Veronica Tadross
When "Atypical" Reinforces Inequality
The "atypical" aren’t made "atypical" by their design, but by the constructs of the world around them.
In my current internship I’m working on a team to design and update the company's app. Specifically, I’m working on a project to make the app more inclusive to women. How can an app exclude women? you ask. Well, nothing in the world is really designed for women.
The book Invisible Women, which I mentioned in my last post, explains that gender inequality doesn't exist because men created all important things in the world, but because we only regard things that they created as important. Thus, we women aren’t really fighting for inclusion in a world that we weren’t smart enough or strong enough to build. We are fighting for our work and ways of doing things to be regarded as equally important as men's, all while dealing with the pushback of being told we need to act more like men to be involved in their activities.
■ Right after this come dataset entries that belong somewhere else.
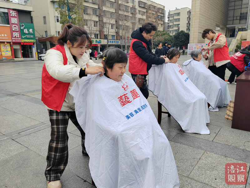 活動(dòng)中,大家來(lái)到轄區(qū)廣場(chǎng)為老人免費(fèi)理發(fā)。只見(jiàn)家長(zhǎng)們一只手拿著剪刀,一只手拿著梳子,神情專(zhuān)注地為老人剪發(fā),孩子們則在一旁協(xié)助理發(fā),有的為老人整理衣服,有的為老人捶腿揉肩。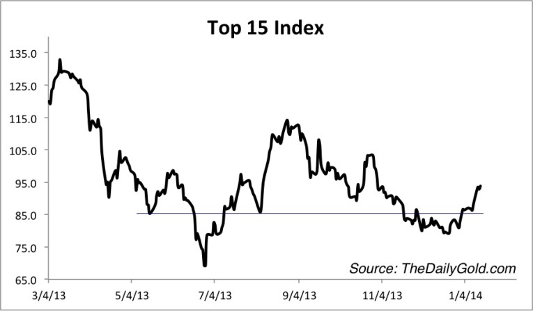 Most of the stocks that we follow bottomed in June. The following chart, which was sent to premium subscribers is an equal weighted index of 15 of our favorite gold and silver stocks. The index bottomed in late June 2013 and made a strong higher low in December. It would have to decline 26% to test the June low.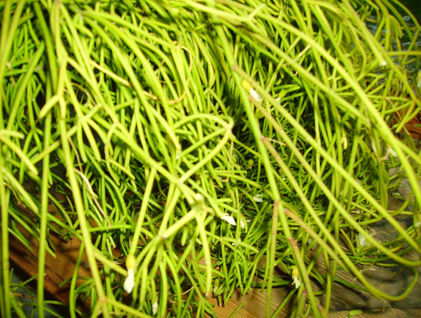 Je pense qu'il faut chercher du coté des Rhipsalis, plante épiphyte de la famille des cactacées.
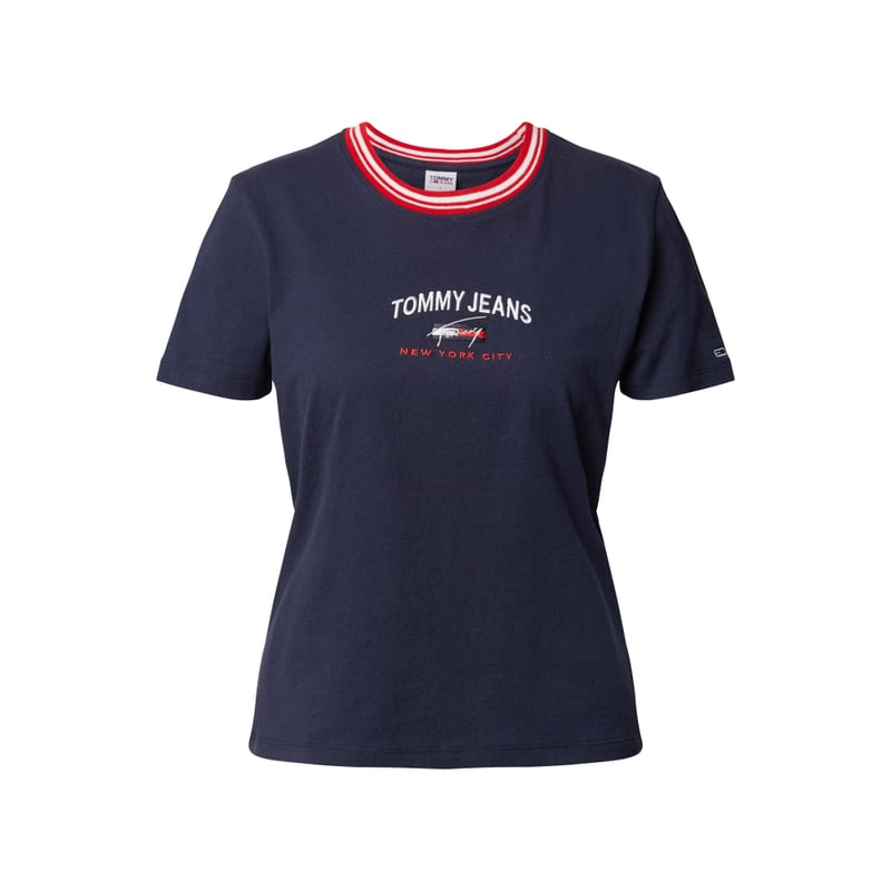 T-shirt damski Tommy Jeans, Czysta bawełna, Krój regular fit, Okrągły dekolt w paski, Wyhaftowane logo w kontrastowym kolorze, Długość tyłu w rozmiarze S: 55 cm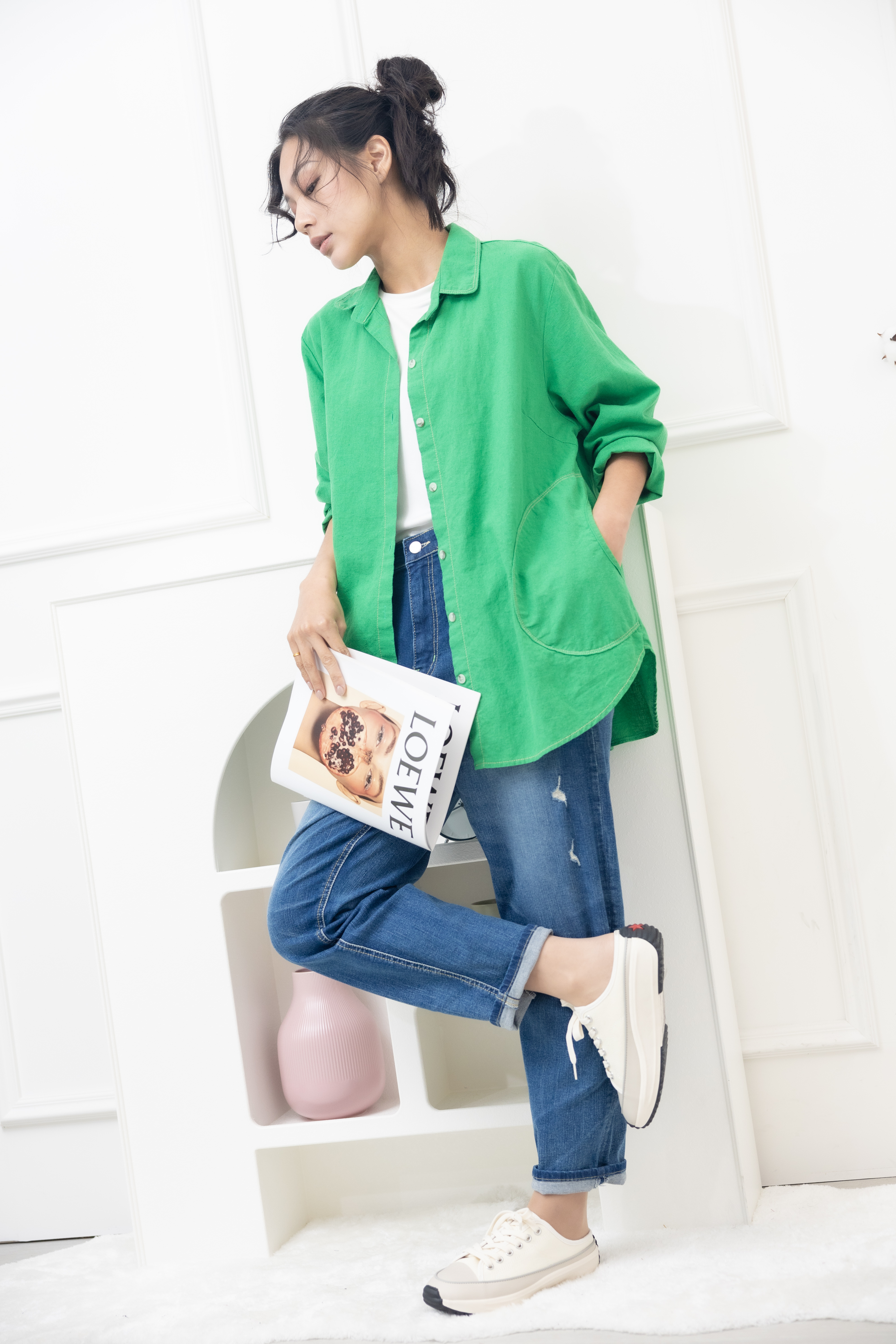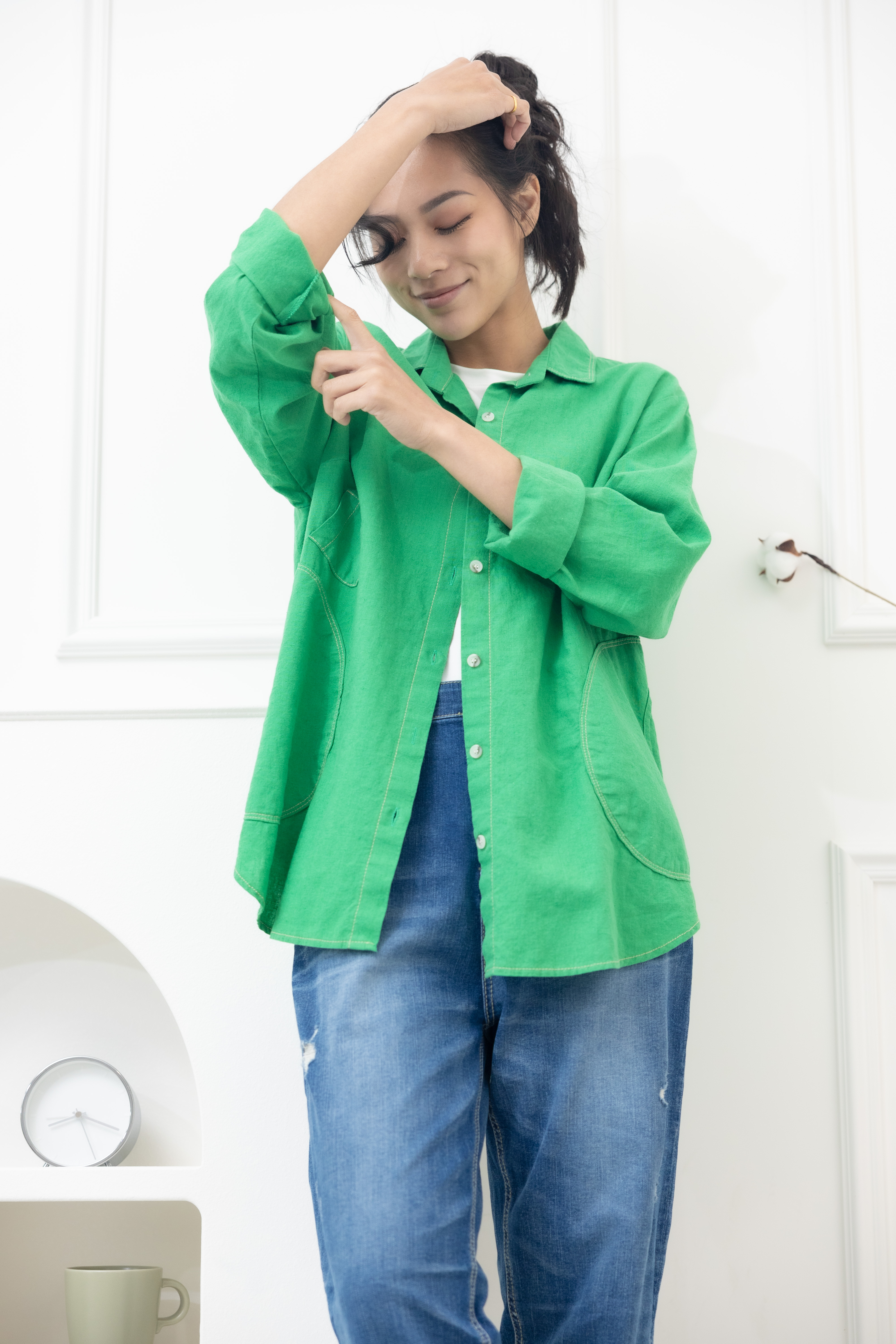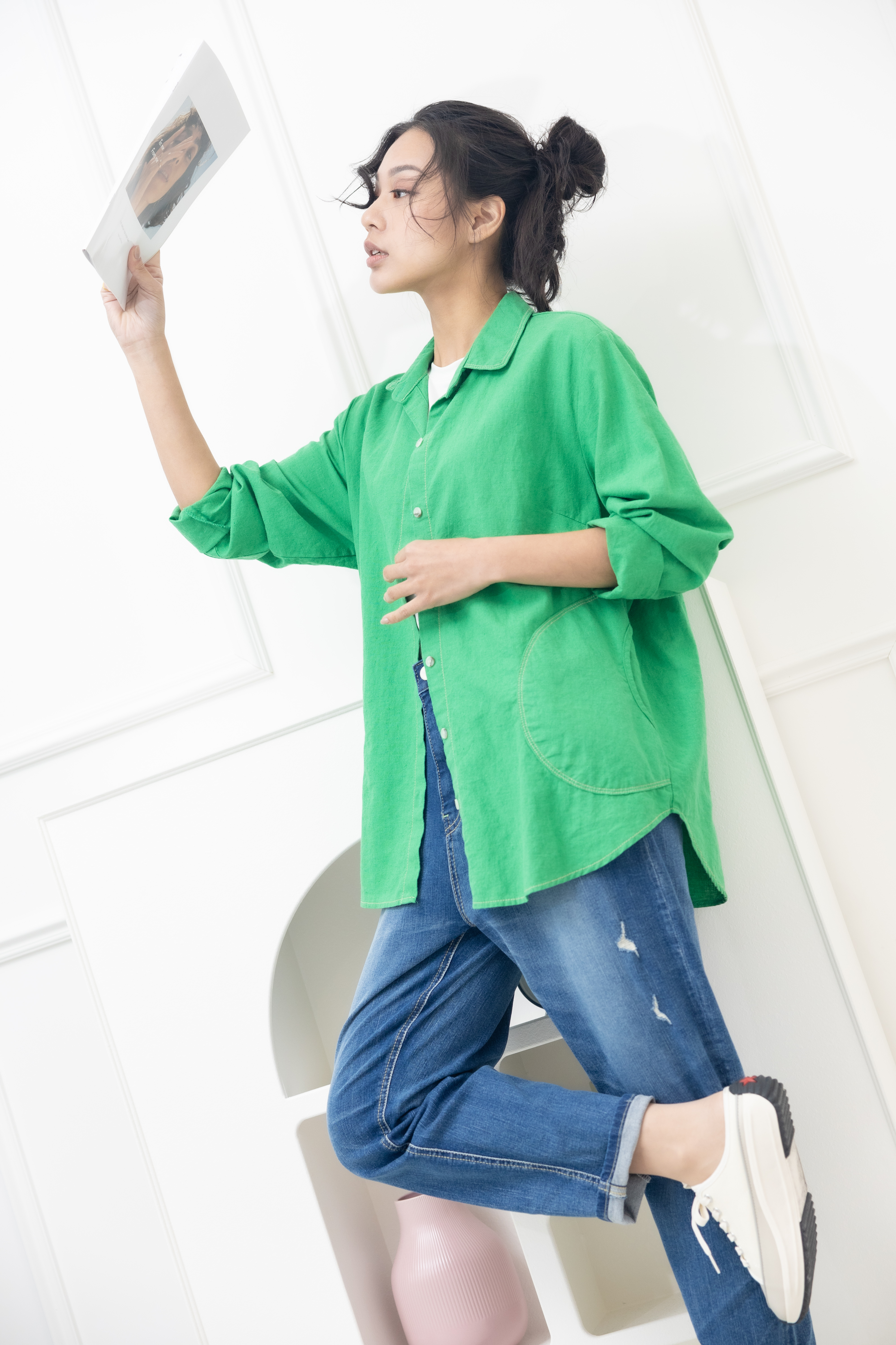 셔츠 小裝飾口袋開襟棉襯衫 / 綠色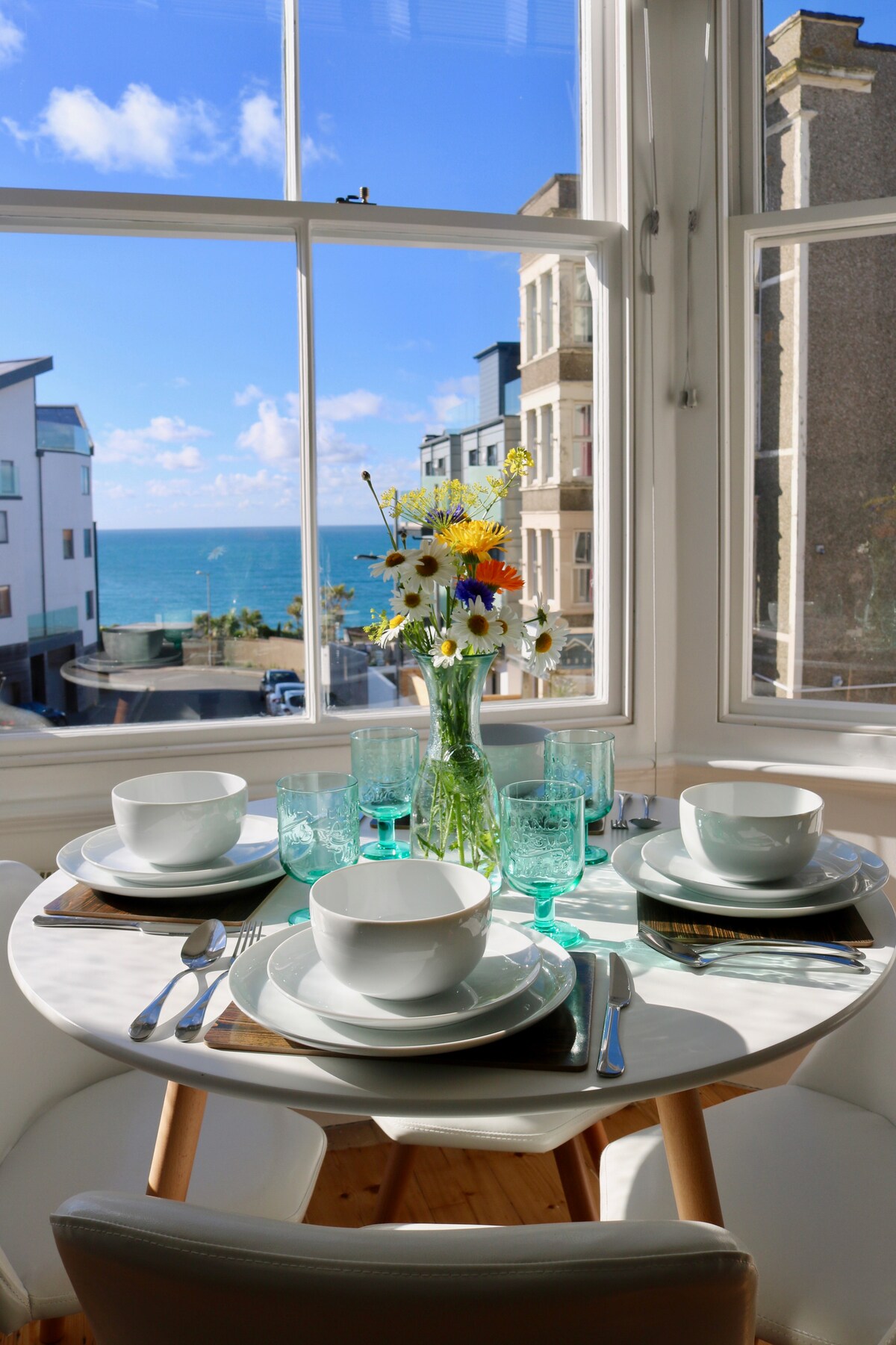 The sweeping coastal view from our town centre apartment is the same one described by Virginia Woolf in her novel To the Lighthouse, inspired by summers in St Ives: 'as far as the eye could see, fading in soft low pleats, the green sand dunes, running away into some moon country'. Quietly tucked away, the apartment is ideally situated for summer and winter breaks, and remote working. The harbour is a two minute stroll, Porthmeor and Porthminster beaches a short walk. Sorry no pets. No smoking.

Consider, for instance, that men are generally more comfortable asking for promotions than women. This inequality is often painted as a deficiency in women - we need to get better at speaking up for ourselves. But, in reality, the norm of walking into your boss's office to ask for a promotion was created by and for a predominantly-male workplace. Fit to men's preferences. Why are our ways of doing things as women less valid? We women might prefer online input forms to express interest in a promotion, or broader employee involvement in who does and doesn't get a promotion. No one would dare ask men to be more like women, but we always request the other way around.
A flawed conception of what is “typical,” excludes intelligent players and silos our society from achieving the best outcomes.
I have discovered the same reality with my Attention Deficit Hyperactivity Disorder (ADHD).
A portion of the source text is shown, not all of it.